- Exercise directions -
In the records below, find the line holding "40 GREATEST HITS" and the line holding "そして昼間さんや鳥居さん方々". Set down both, with every line between them, exactly.

- Given records -
..............................
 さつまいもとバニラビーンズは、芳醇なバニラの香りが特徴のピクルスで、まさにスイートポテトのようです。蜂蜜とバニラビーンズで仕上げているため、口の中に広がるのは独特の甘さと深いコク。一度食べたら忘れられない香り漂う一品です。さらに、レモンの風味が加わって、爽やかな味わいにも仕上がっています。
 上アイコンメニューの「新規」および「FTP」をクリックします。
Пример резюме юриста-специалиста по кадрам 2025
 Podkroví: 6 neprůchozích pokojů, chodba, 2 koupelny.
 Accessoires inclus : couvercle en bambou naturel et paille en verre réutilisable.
..............................
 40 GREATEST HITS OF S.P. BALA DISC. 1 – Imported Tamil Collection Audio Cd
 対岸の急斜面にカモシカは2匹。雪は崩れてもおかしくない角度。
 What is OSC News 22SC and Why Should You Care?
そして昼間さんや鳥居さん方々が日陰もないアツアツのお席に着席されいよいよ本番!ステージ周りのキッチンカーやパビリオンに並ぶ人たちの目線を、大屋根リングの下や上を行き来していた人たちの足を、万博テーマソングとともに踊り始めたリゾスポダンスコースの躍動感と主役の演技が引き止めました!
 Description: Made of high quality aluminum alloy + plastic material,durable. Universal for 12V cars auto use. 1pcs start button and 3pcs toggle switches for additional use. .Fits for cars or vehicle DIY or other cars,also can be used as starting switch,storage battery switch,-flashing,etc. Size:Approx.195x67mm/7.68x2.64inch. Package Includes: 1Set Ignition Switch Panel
..............................
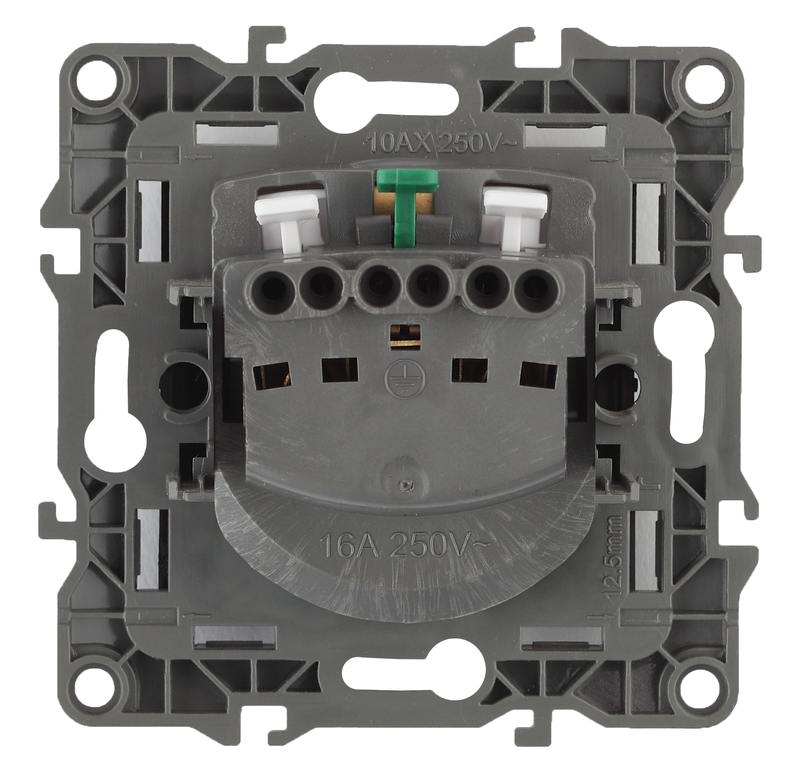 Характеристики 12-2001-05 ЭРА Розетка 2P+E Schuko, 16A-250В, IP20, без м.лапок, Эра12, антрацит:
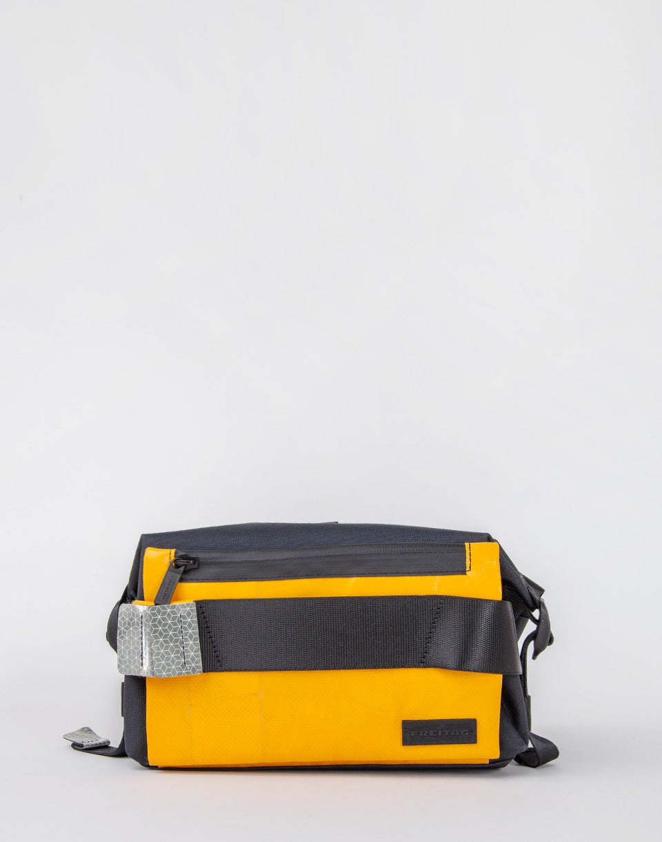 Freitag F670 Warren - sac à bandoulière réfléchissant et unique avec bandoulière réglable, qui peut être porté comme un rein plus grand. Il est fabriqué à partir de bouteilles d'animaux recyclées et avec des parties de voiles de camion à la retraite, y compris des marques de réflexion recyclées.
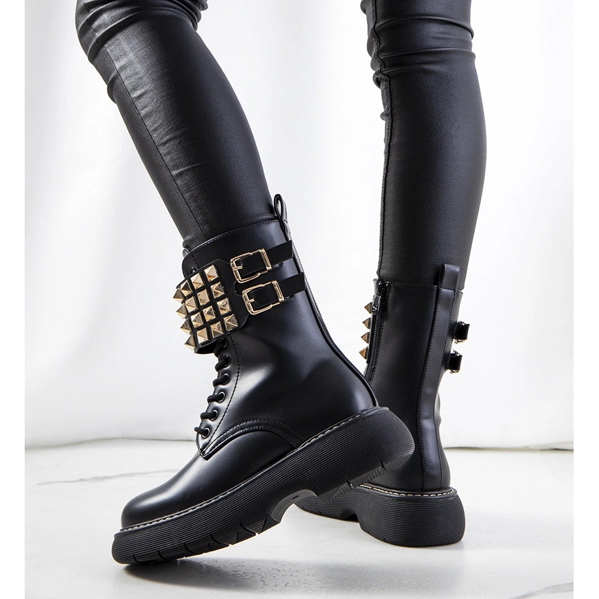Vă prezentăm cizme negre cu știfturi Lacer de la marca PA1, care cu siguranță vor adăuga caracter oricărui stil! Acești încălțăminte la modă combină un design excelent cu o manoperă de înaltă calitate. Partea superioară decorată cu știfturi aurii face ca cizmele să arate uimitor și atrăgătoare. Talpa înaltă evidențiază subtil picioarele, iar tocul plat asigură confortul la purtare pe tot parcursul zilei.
..............................
- Response area -
 40 GREATEST HITS OF S.P. BALA DISC. 1 – Imported Tamil Collection Audio Cd
 対岸の急斜面にカモシカは2匹。雪は崩れてもおかしくない角度。
 What is OSC News 22SC and Why Should You Care?
そして昼間さんや鳥居さん方々が日陰もないアツアツのお席に着席されいよいよ本番!ステージ周りのキッチンカーやパビリオンに並ぶ人たちの目線を、大屋根リングの下や上を行き来していた人たちの足を、万博テーマソングとともに踊り始めたリゾスポダンスコースの躍動感と主役の演技が引き止めました!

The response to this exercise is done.